### How to complete this task
Your copy should contain exactly the lines from the one that holds "In 1838, he" through the end of the material, reproduced as written, with no pictures.

____ Dataset section

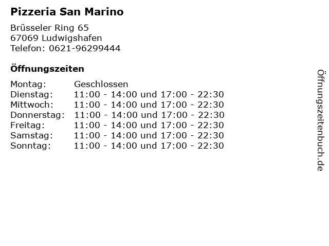 | Öffnungszeiten Pizzeria San Marino in Ludwigshafen anzeigen | |
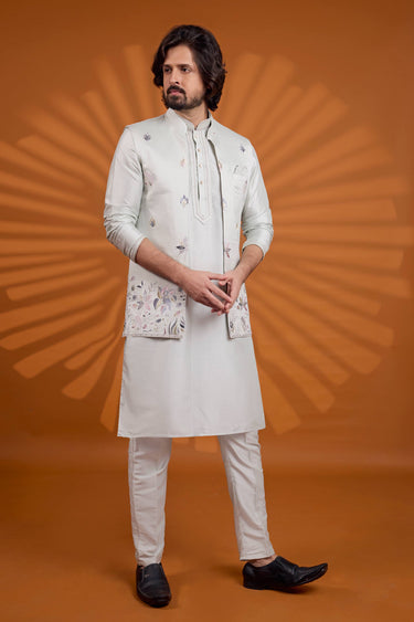 Grey Wedding Wear Art Silk Fabric Readymade Kurta And Aligadhi Pant With Embroidered Jacket For Men
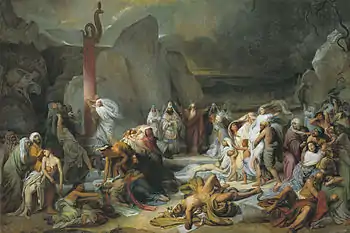 In 1838, he was able to return to Rome to finish his work on Moses and the Serpent.[2] Two years later, it was completed and moved to Saint Petersburg where it was exhibited in one of the halls of the newly restored Winter Palace. It is now the largest canvas on display at the Russian Museum.[3] Returning to Rome for a third time from 1841 to 1845, he produced twenty-five sketches that would be the basis for frescoes at Saint Isaac's Cathedral. Some of the frescoes were executed by Bruni himself, others by various artists under his direction. The work was completed in 1853 and the originals are now stored at the Russian Museum.[4]
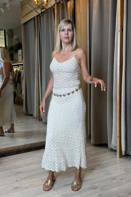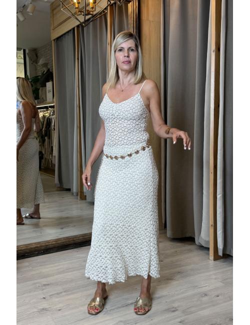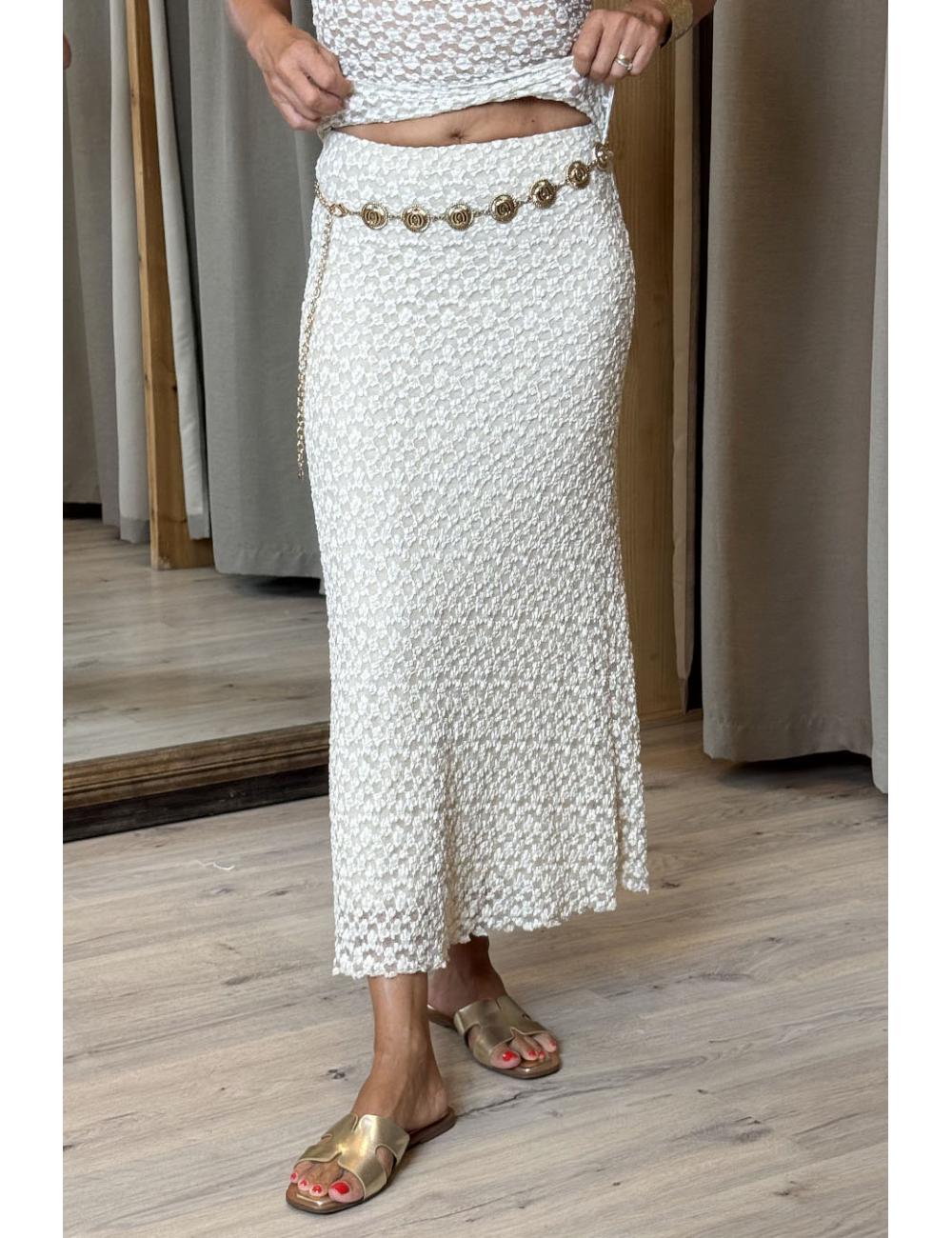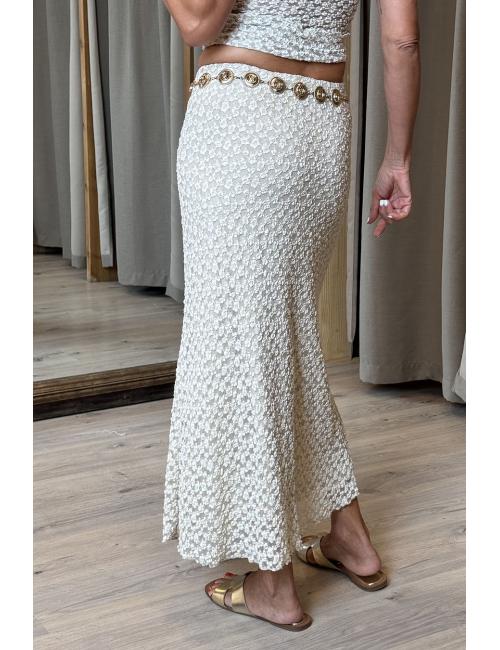 Falda larga maxi de corte evasé. Confeccionada con tul bordado. Goma en la cintura que permite adaptarse a varias tallas.

________

### Task result
 In 1838, he was able to return to Rome to finish his work on Moses and the Serpent.[2] Two years later, it was completed and moved to Saint Petersburg where it was exhibited in one of the halls of the newly restored Winter Palace. It is now the largest canvas on display at the Russian Museum.[3] Returning to Rome for a third time from 1841 to 1845, he produced twenty-five sketches that would be the basis for frescoes at Saint Isaac's Cathedral. Some of the frescoes were executed by Bruni himself, others by various artists under his direction. The work was completed in 1853 and the originals are now stored at the Russian Museum.[4]
 Falda larga maxi de corte evasé. Confeccionada con tul bordado. Goma en la cintura que permite adaptarse a varias tallas.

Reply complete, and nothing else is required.